KAPITALISME:
SERING TERDENGAR, TAK BANYAK YANG PAHAM
Kapitalisme
adalah satu kata yang kerap muncul dalam berbagai ruang. Namun, ternyata–ini
menyedihkan–bagi banyak orang, kapitalisme sekadar kata yang memiliki bunyi.
Maknanya jauh masih di awang sana.
Kapitalisme
Dalam berbagai
paparan teoritis, kolonialisme, imperialisme, kapitalisme,
dan globalisasi merupakan fenomena-fenomena yang terkait. Imperialisme
berarti politik untuk menguasai (dengan paksaan) seluruh dunia untuk
kepentingan diri sendiri yang dibentuk sebagai imperium. Menguasai di sini
tidak berarti merebut dengan kekuasaan senjata, tetapi dapat dijalankan dengan
kekuatan ekonomi, kultur, agama, dan ideologi, asalkan dengan paksaan.
Dalam definisi
lain, imperialisme dikatakan sebagai upaya perluasan dengan paksaan wilayah
satu negara dengan melakukan penaklukan teritorial yang menjadi dasar
pembentukan dominasi politik dan ekonomi terhadap negara-negara lain yang bukan
merupakan koloninya (http://en.wikipedia.org/wiki/Imperialism). Dalam semua definisi imperialisme,
ada beberapa konsep yang selalu muncul: perluasan wilayah, penguasaan atau
dominasi dengan paksaan (koersi), dan dominasi politik, budaya, serta
ekonomi.
V.I. Lenin
menyatakan bahwa bahwa kapitalisme mencakup kapitalisme monopoli sebagai
imperialisme untuk menemukan bisnis dan sumber daya baru (Lenin, 1916 dalam http://www.marxist.org). Definisi
Lenin, “the highest stage of capitalism” mengacu pada saat ketika
monopoli kapital finansial mendominasi, memaksa negara dan korporasi swasta
bersaing untuk mengontrol sumber daya alam dan pasar.
Karl Marx juga
mengidentifikasi kolonialisme sebagai salah satu aspek prahistori moda produksi
kapitalis. Selain itu, teori imperialisme Marxist, dan teori dependensi yang
terkait, menekankan pada hubungan ekonomi antarnegara (dan di dalam
negara-negara), alih-alih hubungan formal politik dan militer. Dengan begitu,
imperialisme tidak selalu berupa satu hubungan kontrol yang formal satu negara
atas negara lain, melainkan eksploitasi ekonomi satu negara atas negara lain.
Dalam
periodisasi yang lazim, imperialisme dibagi menjadi dua periode. Yang pertama
adalah imperialisme kuno atau (ancient imperialism), yang intinya adalah
prinsip gold, gospel, dan glory. Imperialisme ini
berlangsung sebelum revolusi industri dan dipelopori oleh Spanyol dan Portugis.

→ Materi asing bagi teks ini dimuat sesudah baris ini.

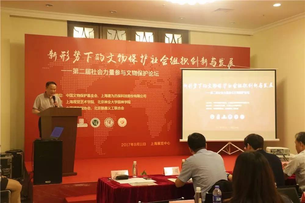 8月11日,由中国文物保护基金会、上海建为历保科技股份有限公司主办的“新形势下的文物保护社会组织创新与发展——第二届社会力量参与文物保护论坛”在上海展览中心召开。来自主协办单位、国家文物局、民政部社会组织管理局、社会服务机构、民间文物保护组织、志愿者团体、企业等几十家机构的代表,博物馆、高校、科研院所的专家、学者、师生及媒体记者等100多名代表参加了本次论坛。
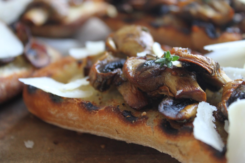Slice the ciabatta into four thin slices and use a pastry brush to paint one side lightly with olive oil. Toast both sides on a griddle pan or under the broiler (oven grill). While hot, rub the oiled side of the toasts with the cut side of a garlic clove. Divide the mushrooms across the toasts and, using a vegetable peeler, shave some parmesan on top. Either leave the slices whole or cut in half, depending on the size you want, and serve.

Periode kedua adalah imperialisme modern, yang intinya adalah kemajuan ekonomi.
Imperialisme modern muncul sesudah revolusi industri. Industri besar-besaran
membutuhkan banyak bahan mentah dan pasar yang luas. Para imperialis mencari
jajahan untuk dijadikan sumber bahan mentah dan pasar bagi hasil-hasil industri
kemudian juga sebagai tempat penanaman modal bagi surplus kapitalis (http://id.wikipedia.org/wiki/Imperialisme).
Unsur
selanjutnya adalah kolonialisme. Kolonialisme merupakan pengembangan kekuasaan
sebuah negara atas wilayah dan manusia di luar batas negaranya, seringkali
untuk mencari dominasi ekonomi dari sumber daya, tenaga kerja, dan pasar
wilayah tersebut (http://id.wikipedia.org/wiki/Kolonialisme). Definisi
kolonialisme menyatakan bahwa kolonialisme merupakan satu praktik dominasi yang
melibatkan subjugasi satu orang terhadap yang lain.

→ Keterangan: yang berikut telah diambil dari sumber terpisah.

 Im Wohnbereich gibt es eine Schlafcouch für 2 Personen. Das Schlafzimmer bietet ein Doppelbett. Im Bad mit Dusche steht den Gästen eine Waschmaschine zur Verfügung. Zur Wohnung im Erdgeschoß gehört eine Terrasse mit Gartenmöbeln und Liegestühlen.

Seperti imperialisme, kolonialisme juga melibatkan
kontrol politik dan ekonomi terhadap satu teritori yang dependen. Kolonialisme
sangat sulit dibedakan dari imperialisme. Satu-satunya perbedaan hanya dapat dilihat dari etimologi
kedua konsep tersebut. Istilah koloni berasal dari kata Latin colonus, yang berarti ‘petani’. Ini
mengingatkan kita pada praktik kolonialisme yang biasanya melibatkan proses
pemindahan populasi ke satu wilayah, di mana mereka akan tinggal di tempat
tersebut secara permanen dan tetap mempertahankan afiliasi politik dengan
negara asalnya. Di sisi lain, imperialisme berasal dari kata Latin imperium, yang berarti ‘memerintah’.
Dengan demikian, imperialisme lebih merupakan cara bagaimana satu negara
menjalankan kekuasaan atas negara lain, apakah melalui pembentukan koloni,
kemakmuran, atau mekanisme kontrol tak langsung (http://plato.stanford.edi/entries/colonialism).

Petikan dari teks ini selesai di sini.